Heatwave reports that paint horrific scenarios about extreme heat especially for tropical countries recommend forecasting and generation of data such that demarcation of the ‘emergency period’ and attribution of illnesses and mortality becomes easier. Absence of data’ makes it impossible to attribute death to heat waves, argued countdown studies in the Lancet.[17] Somatic framing of risk, as overheated bodies, and solutions such as avoid being ‘outdoors’ or unknowability of workplaces or precise cause of death or the advocacy of structural transformation sidesteps the centering of risk reduction in social protection, minimum wage, decent work conditions and elimination of discrimination.

 

Advisories to stay indoors, cooled and hydrated, have the advantage of being a low-cost alternative based on individual capacity to avoid death and illnesses from over-heating. The pandemic demonstrated clearly who could afford to stay locked-down for self-protection. Individualisation of climate risk disadvantages the least protected because it reduces social and economic and institutional contexts of inequalities. As Barnes (2016: 44) argues, evidence from political ecology and environmental justice shows that environmental risks, whether derived from climate or not, are distributed unequally among populations groups based on class, race, gender, and ethnicity.

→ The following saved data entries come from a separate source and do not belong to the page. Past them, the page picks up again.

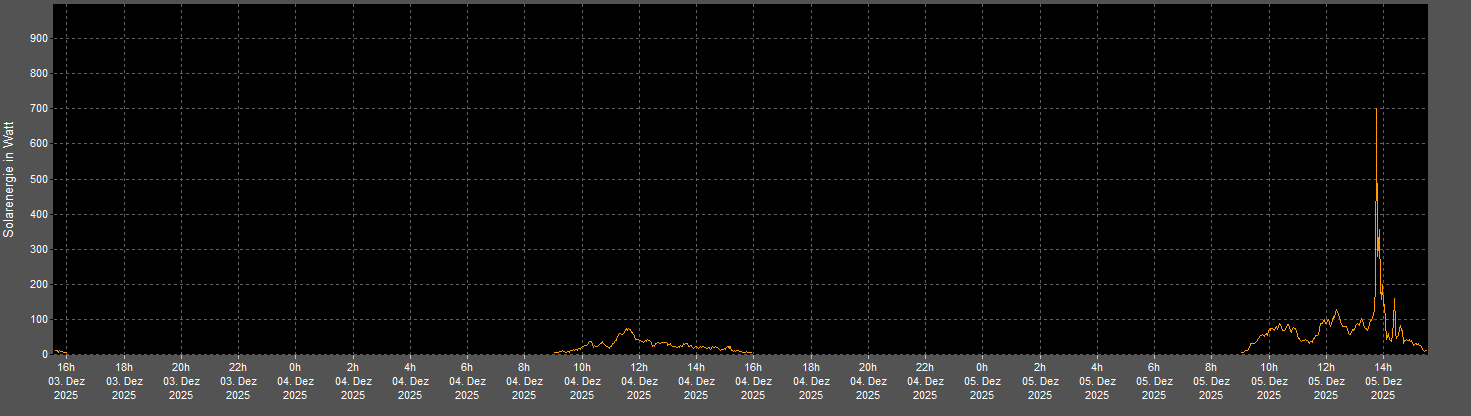 Die zweite Grafik mit der orangenfarbenen Kurve zeigt die Sonnenenergie an, die von den Solarmodulen des
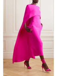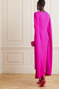 EDITORS'NOTES Valentino Garavani's now-signature shade of fuchsia is unmistakable – it enhances the regal silhouette of this midi dress so beautifully. Cut from silk-crepe in a slim shape, it's overlaid with a graceful cape that will billow as you walk. Statement jewelry and heels will make your outfit feel even more special. SIZE & FIT - Fits large to size, take one size smaller than normal - Designed for a slim fit - Loose overlay - Mid-weight, fluid, non-stretchy fabric - Model is 177cm/ 5'10" and is wearing an IT 38 DETAILS & CARE - Fuchsia silk-crepe - Concealed hook and zip fastening at back - 100% silk - Dry clean - Designer color: Pink PP Large to size. See Size & Fit notes.
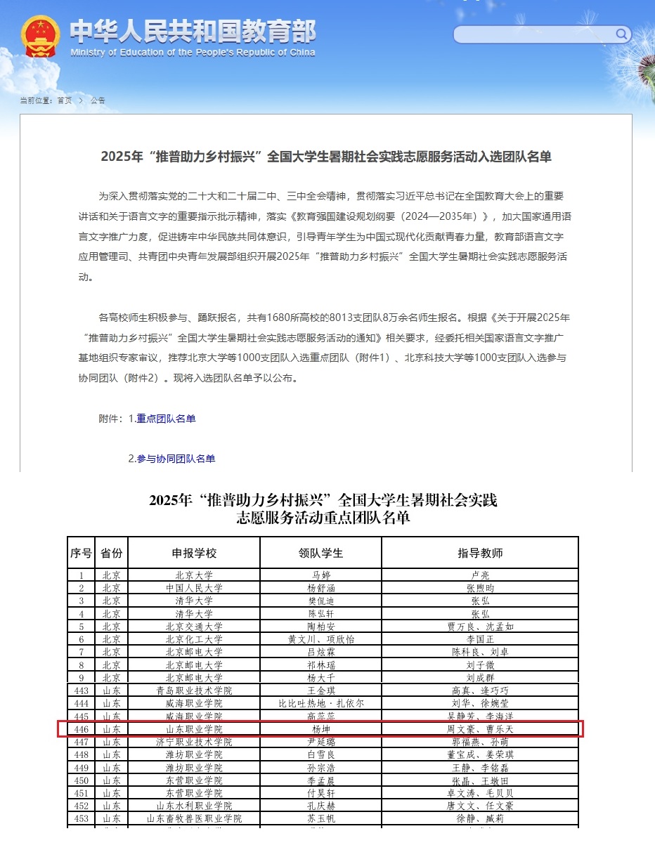 近日,《2025年(nian)“推(tui)普助(zhu)力鄉(xiang)村振興”全(quan)國大學生暑(shu)(shu)期社(she)會實踐志(zhi)(zhi)(zhi)愿(yuan)(yuan)服(fu)務活(huo)(huo)動(dong)入選(xuan)團隊名單(dan)》和《關于公布(bu)2025年(nian)“志(zhi)(zhi)(zhi)愿(yuan)(yuan)有我(wo)·讓愛飛(fei)躍萬(wan)水千(qian)山”魯(lu)喀專(zhuan)項(xiang)志(zhi)(zhi)(zhi)愿(yuan)(yuan)支教(jiao)團隊名額(e)分配(pei)情(qing)況的通知》發布(bu),我(wo)校“山職號·喀什行”志(zhi)(zhi)(zhi)愿(yuan)(yuan)服(fu)務隊入選(xuan)教(jiao)育部2025年(nian)“推(tui)普助(zhu)力鄉(xiang)村振興”全(quan)國大學生暑(shu)(shu)期社(she)會實踐志(zhi)(zhi)(zhi)愿(yuan)(yuan)服(fu)務活(huo)(huo)動(dong)重點團隊名單(dan),同時入選(xuan)2025年(nian)“志(zhi)(zhi)(zhi)愿(yuan)(yuan)有我(wo)·讓愛飛(fei)躍萬(wan)水千(qian)山”魯(lu)喀專(zhuan)項(xiang)志(zhi)(zhi)(zhi)愿(yuan)(yuan)支教(jiao)團隊。
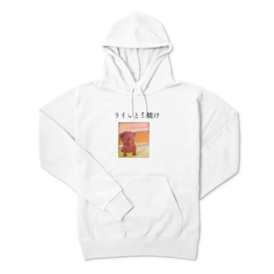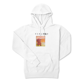パーカー - XL - ホワイトこの商品はpixivFACTORYで作られた商品です。サンプル画像は完成イメージのため、実物と異なる場合があります。 商品名 ライオと夕焼け パーカー ライオン 海 アクリル絵の具でデザイン 熊本アーティスト
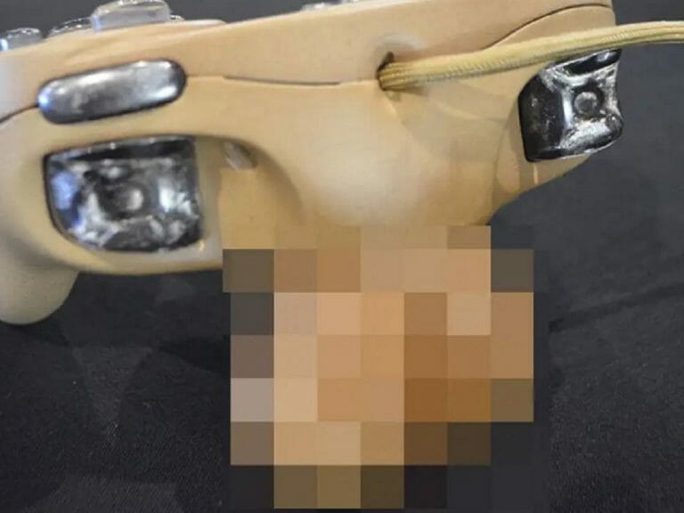 Ao reparar rapidamente no controlador, parece apenas mais um só que bege, mas se olharmos mais detalhadamente, podemos ver ‘pele humana esticada’, ou seja, um grande conjunto de bolas e veias. Bom, não bastasse a notícia toda ser meio absurda, você já deve estar se perguntando onde está o ‘restante’ do órgão, e ele só poderia estar em um dos dois lugares. Sinto em dizer que a parte que falta pode ser encontrada no plugue do controlador…
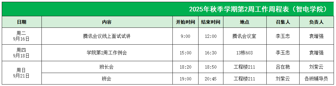 2025年秋季学期第2周工作周程表
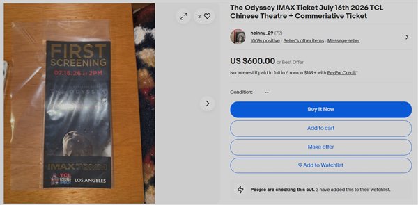 同样是高端场次的好莱坞TCL中国剧院《奥德赛》IMAX首映电影票最贵可以卖到600美元:
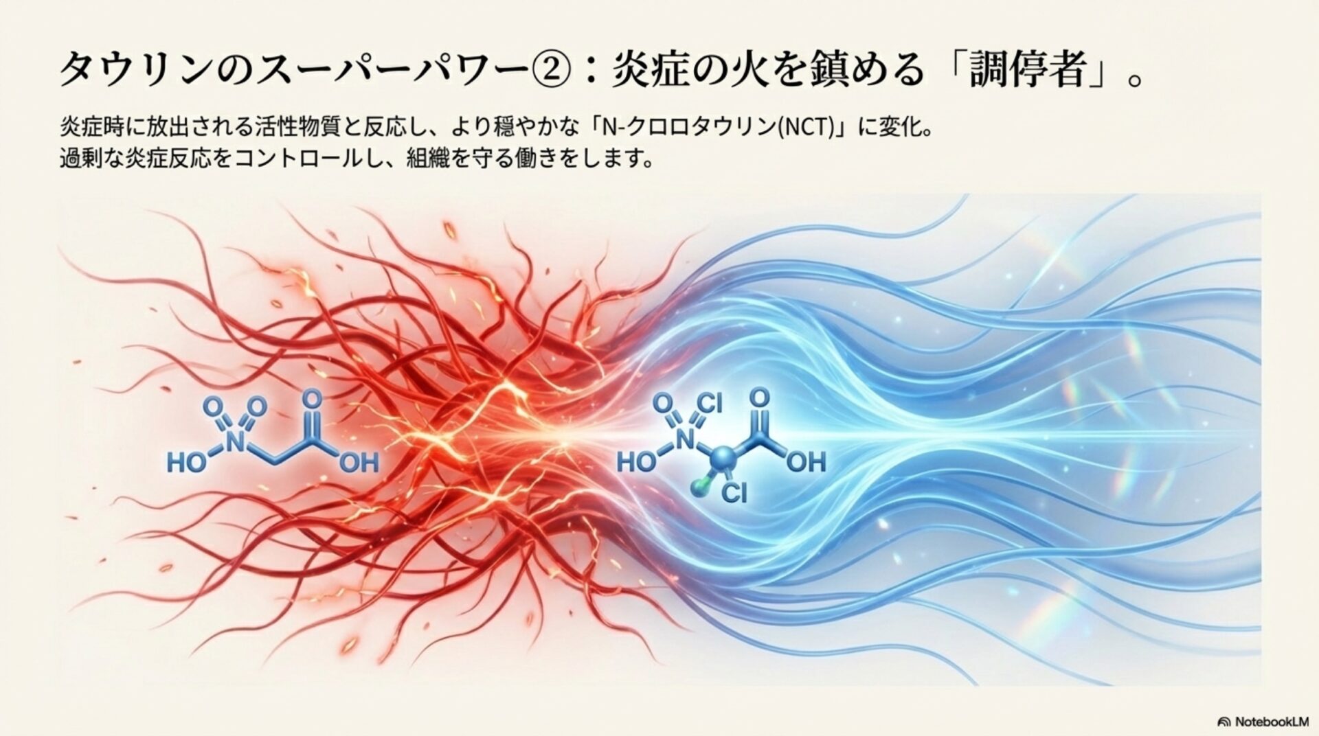 - NCTの作用: 一方で、タウリンが変化してできる「N-クロロタウリン(NCT)」は、正常な細胞よりもがん細胞に対してアポトーシス(プログラムされた細胞死)を引き起こしやすいという報告があります。
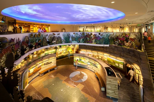 Dynamic graphics, artifact displays, and interactives draw visitors into the history.
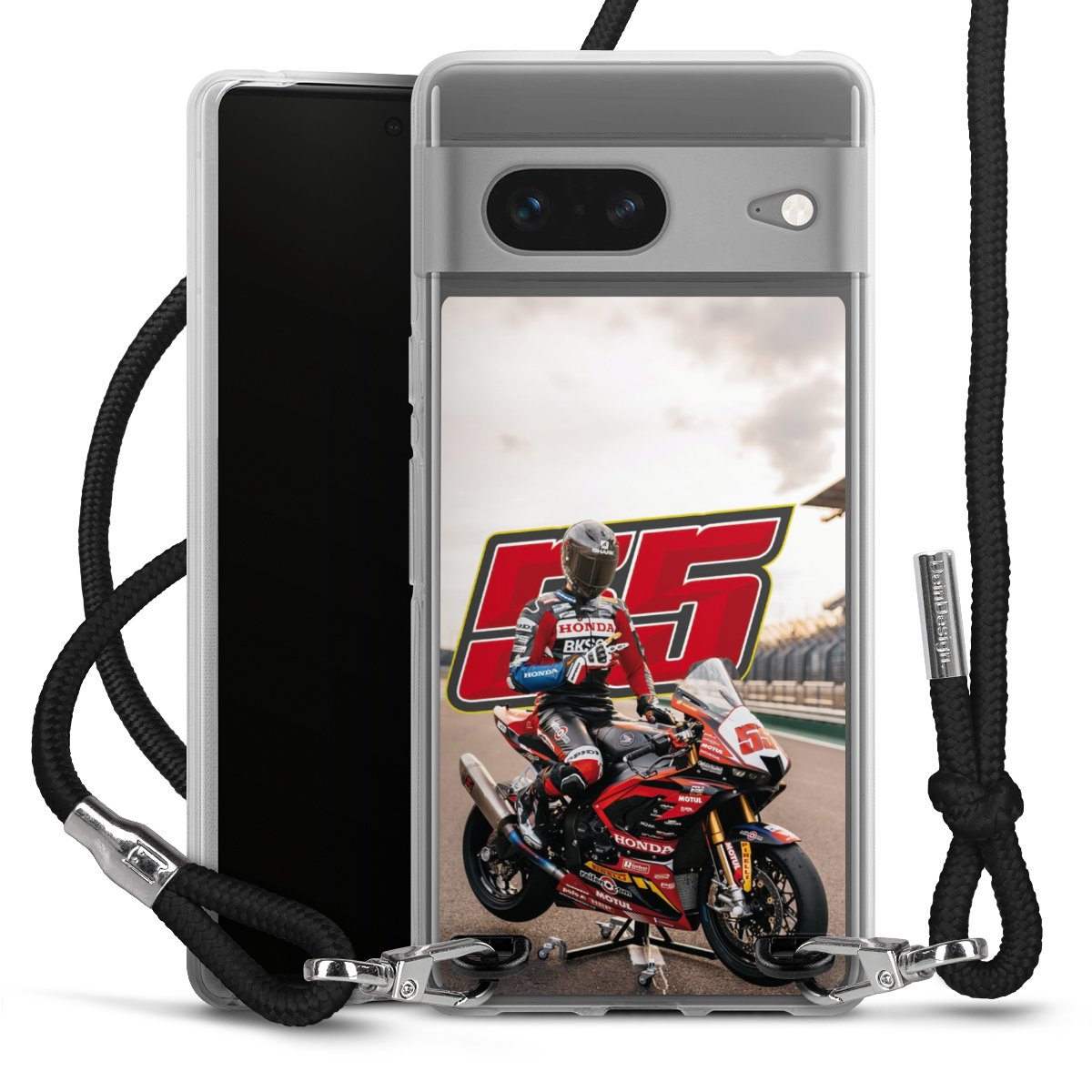Bei dieser Handyhülle nutzen wir das solide Direktdruck-Verfahren, weshalb der Druckbereich ausschließlich die Rückseite umfasst und der Rand hingegen unbedruckt bleibt. Das Case zum Umhängen kann sowohl unbedruckt, als auch vollflächig oder partiell bedruckt bestellt werden. Wähle für Dein Design entweder eines unserer exklusiven Shop-Motive, oder werde kreativ und gestalte Dein Wunschdesign zum Beispiel mit Fotos und Overlays selbst. Designe Dir Dein persönliches Trend-Accessoire und setze ein individuelles Statement auf den Straßen!

CONCLUSION – REDUCTIVE KNOWLEDGE

While our belief in climate science looks set to grow as policy makers and governments start thinking in planetary scales, discussions about what is being lost and what is promoted, needs to centre the most disadvantaged. To the extent that disaster policy has moved beyond the inclusion of structural inequalities and social protection, towards surveillance, monitoring and warning, climate risks are transferred to those who are least able to shift their work preferences or purchase sustainable lifestyles. We conclude by emphasising that commodification of public information for individualisation of risk and consumption of healthy lifestyles or life choices have unwarranted consequence for the millions of excluded populations in countries like India, through entities that will profit from weather predictions and uncertainties, while risks would be borne by those who lack power and protection.

It was not ‘heat’ that drove people to despair, the past two years. The context that makes it difficult to articulate social and economic disadvantage, emerges from the view that people are now ‘surplus relative to the needs of capital’ (Li 2017). As Richter (2016) argues, the elevation of the narrative of declension that ‘human beings are but agents of planetary destruction’ must be countered by a more enriched understanding about the relationship between humans and the natural world.  

Perhaps this is time to remember what the poet wrote about summer:

 

The flaming arrows of heat pierces my heart with thirst,

Sleepless nights, long days, no respite, I know.

In the dry branches of the tree, the tired dove sing, their sad tired songs.

But don’t fear, don’t fear, the sky is watching,

in the shape of storm, you will come, to breathe life into my heat-seared soul.

(Rabindranath Tagore – ‘Daruno Agibane Re’)[18]  (translation by author).

These memorable lines were composed when the warming of the planet was not a central concern. He asks us to not be afraid and we may hope that people still remember how to read the sky and the cycles of change for survival. Climate knowledge informs public policy that appears to be dissociating from public responsibility about entitlements, and protection of the least advantaged population groups. Such translations of climate science promote injustice not only because they hold all humans equally responsible for damaging the planet but because by dehumanising nature, they misunderstand nature and people who inhabit it.